What this task involves -> Leave the pictures out. Retype exactly the lines below from the one containing "This is a 26.5″" through the one containing "Old English M", and no others.

Stored data ->
• • • • • • •
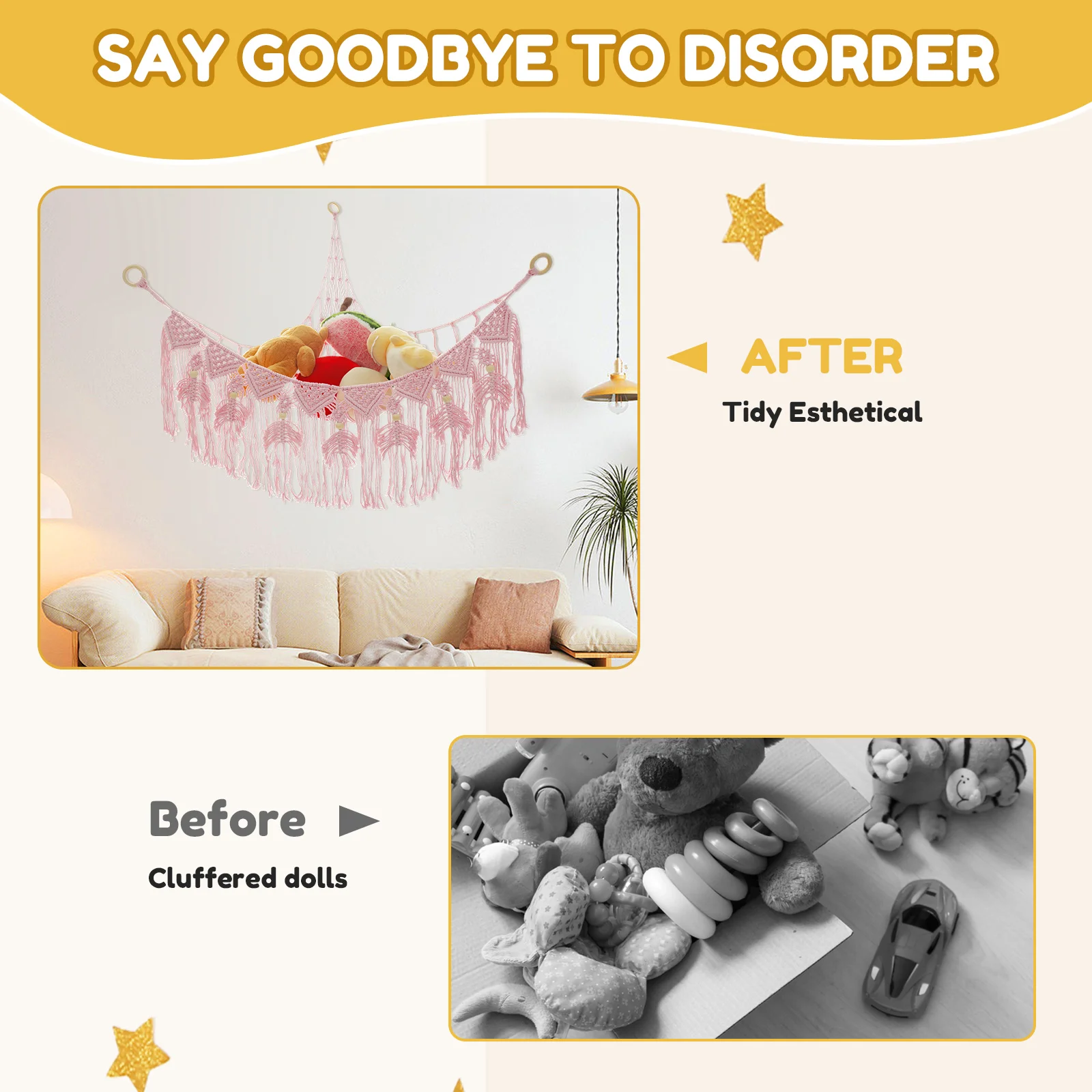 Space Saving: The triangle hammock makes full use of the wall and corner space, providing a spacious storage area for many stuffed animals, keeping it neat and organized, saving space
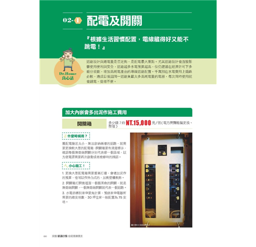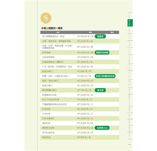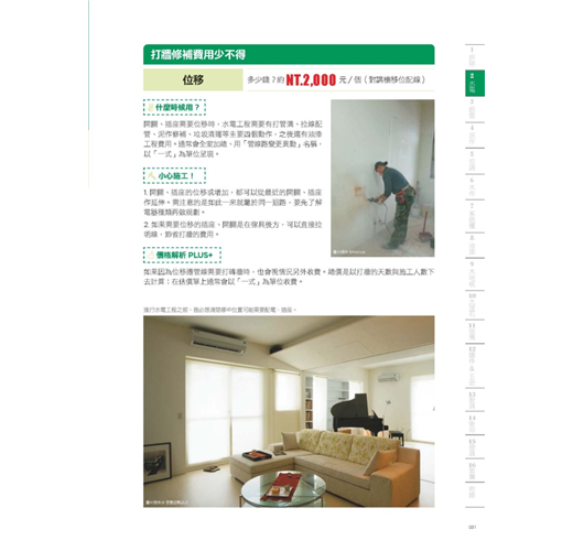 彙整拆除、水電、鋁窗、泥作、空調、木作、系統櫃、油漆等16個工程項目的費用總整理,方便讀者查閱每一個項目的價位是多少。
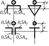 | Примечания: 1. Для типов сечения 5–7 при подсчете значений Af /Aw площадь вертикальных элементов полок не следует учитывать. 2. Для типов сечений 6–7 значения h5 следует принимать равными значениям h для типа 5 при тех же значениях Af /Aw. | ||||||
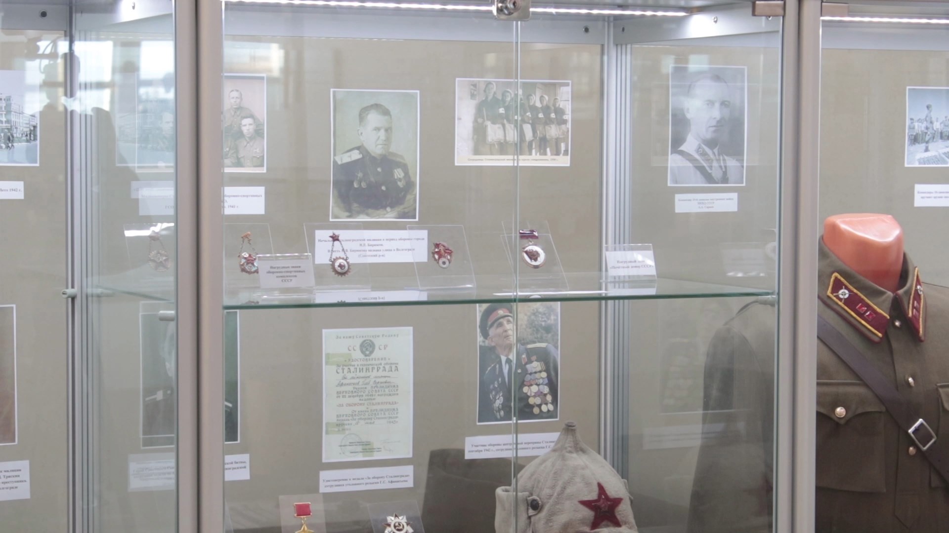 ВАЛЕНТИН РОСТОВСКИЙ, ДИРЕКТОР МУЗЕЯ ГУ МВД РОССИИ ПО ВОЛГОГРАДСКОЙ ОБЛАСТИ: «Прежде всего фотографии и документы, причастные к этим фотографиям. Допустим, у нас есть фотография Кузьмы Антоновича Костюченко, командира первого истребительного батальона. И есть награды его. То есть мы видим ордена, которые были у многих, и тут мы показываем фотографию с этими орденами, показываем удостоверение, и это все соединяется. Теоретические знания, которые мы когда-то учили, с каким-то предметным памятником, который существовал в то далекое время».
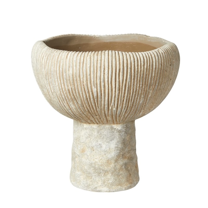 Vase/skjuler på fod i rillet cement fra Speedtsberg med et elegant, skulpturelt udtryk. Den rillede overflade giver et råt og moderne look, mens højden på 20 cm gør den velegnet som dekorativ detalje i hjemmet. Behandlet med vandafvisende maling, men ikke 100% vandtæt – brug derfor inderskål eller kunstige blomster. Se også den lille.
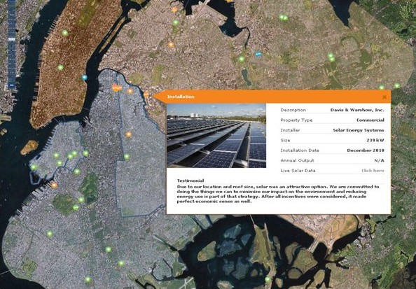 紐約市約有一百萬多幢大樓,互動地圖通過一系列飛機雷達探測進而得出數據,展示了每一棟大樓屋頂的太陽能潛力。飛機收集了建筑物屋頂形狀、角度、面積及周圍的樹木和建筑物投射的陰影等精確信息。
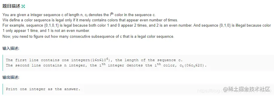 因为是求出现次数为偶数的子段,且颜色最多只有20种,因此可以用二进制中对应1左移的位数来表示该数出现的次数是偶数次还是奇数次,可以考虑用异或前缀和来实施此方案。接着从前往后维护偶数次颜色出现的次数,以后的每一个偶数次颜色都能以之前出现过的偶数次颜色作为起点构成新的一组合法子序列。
• • • • • • •
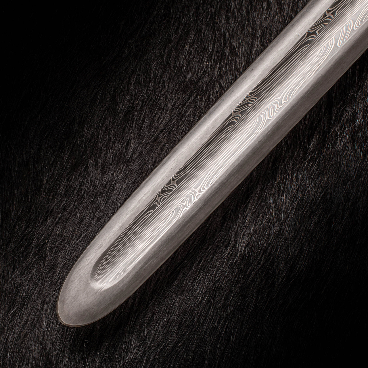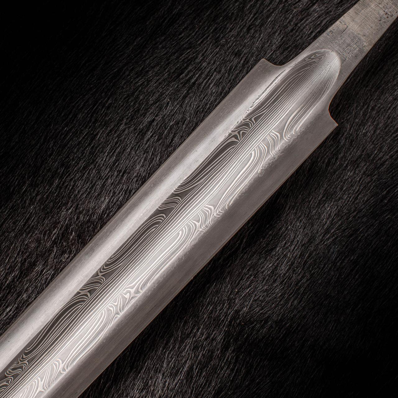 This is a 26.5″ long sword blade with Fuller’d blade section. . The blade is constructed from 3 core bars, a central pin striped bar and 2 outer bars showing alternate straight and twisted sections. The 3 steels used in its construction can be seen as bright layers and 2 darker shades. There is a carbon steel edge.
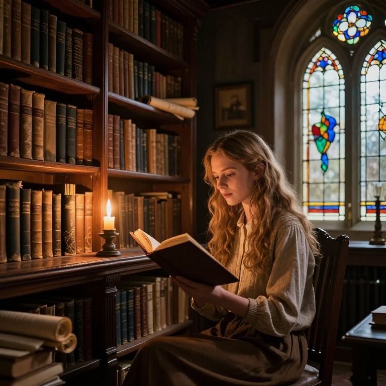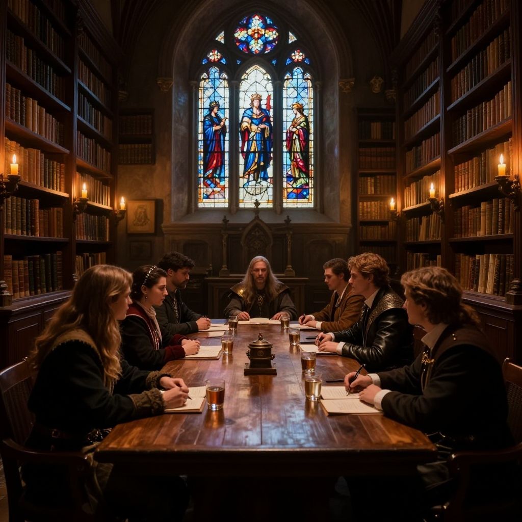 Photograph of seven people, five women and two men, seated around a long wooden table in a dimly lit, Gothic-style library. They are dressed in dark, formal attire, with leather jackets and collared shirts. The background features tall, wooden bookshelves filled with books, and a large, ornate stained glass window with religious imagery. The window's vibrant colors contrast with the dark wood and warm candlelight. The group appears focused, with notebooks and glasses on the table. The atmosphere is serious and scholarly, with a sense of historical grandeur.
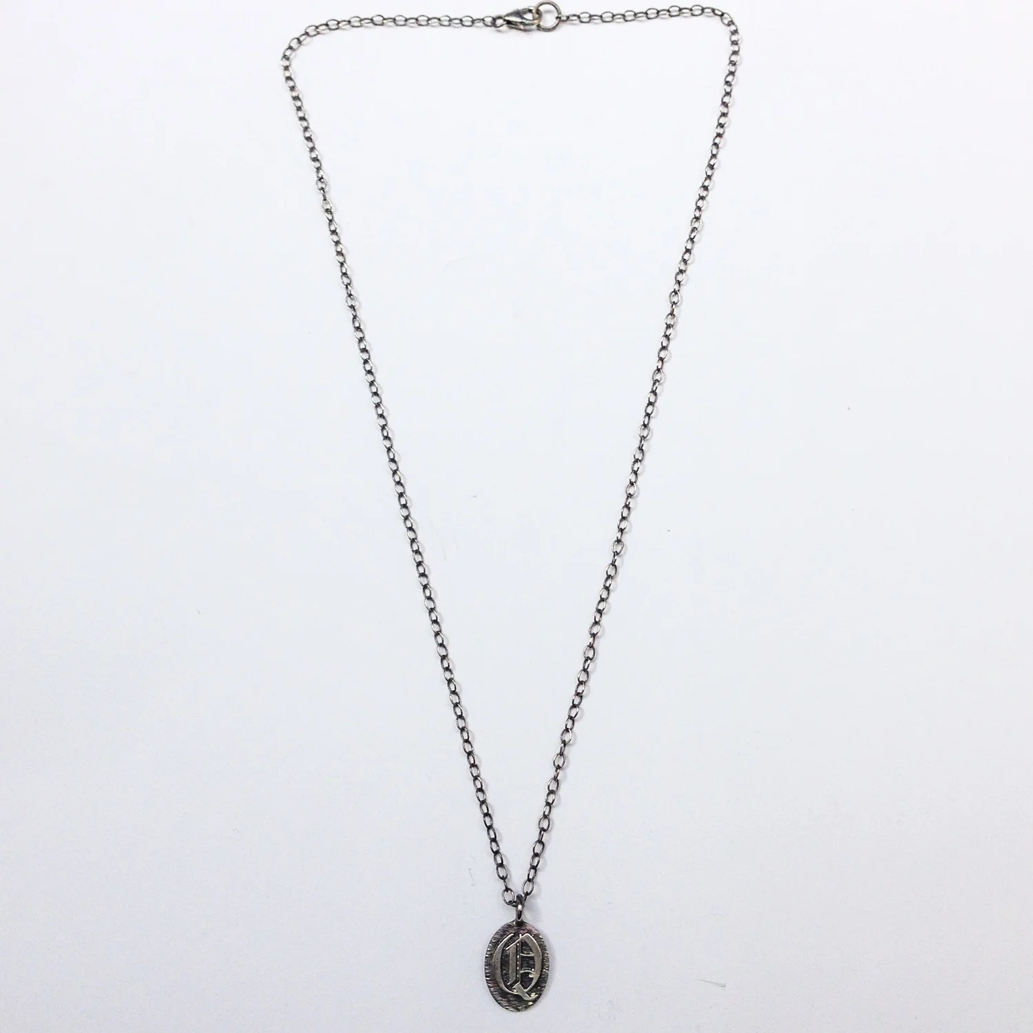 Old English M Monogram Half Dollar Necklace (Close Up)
• • • • • • •
Solution for this problem ->
 This is a 26.5″ long sword blade with Fuller’d blade section. . The blade is constructed from 3 core bars, a central pin striped bar and 2 outer bars showing alternate straight and twisted sections. The 3 steels used in its construction can be seen as bright layers and 2 darker shades. There is a carbon steel edge.
 Photograph of seven people, five women and two men, seated around a long wooden table in a dimly lit, Gothic-style library. They are dressed in dark, formal attire, with leather jackets and collared shirts. The background features tall, wooden bookshelves filled with books, and a large, ornate stained glass window with religious imagery. The window's vibrant colors contrast with the dark wood and warm candlelight. The group appears focused, with notebooks and glasses on the table. The atmosphere is serious and scholarly, with a sense of historical grandeur.
 Old English M Monogram Half Dollar Necklace (Close Up)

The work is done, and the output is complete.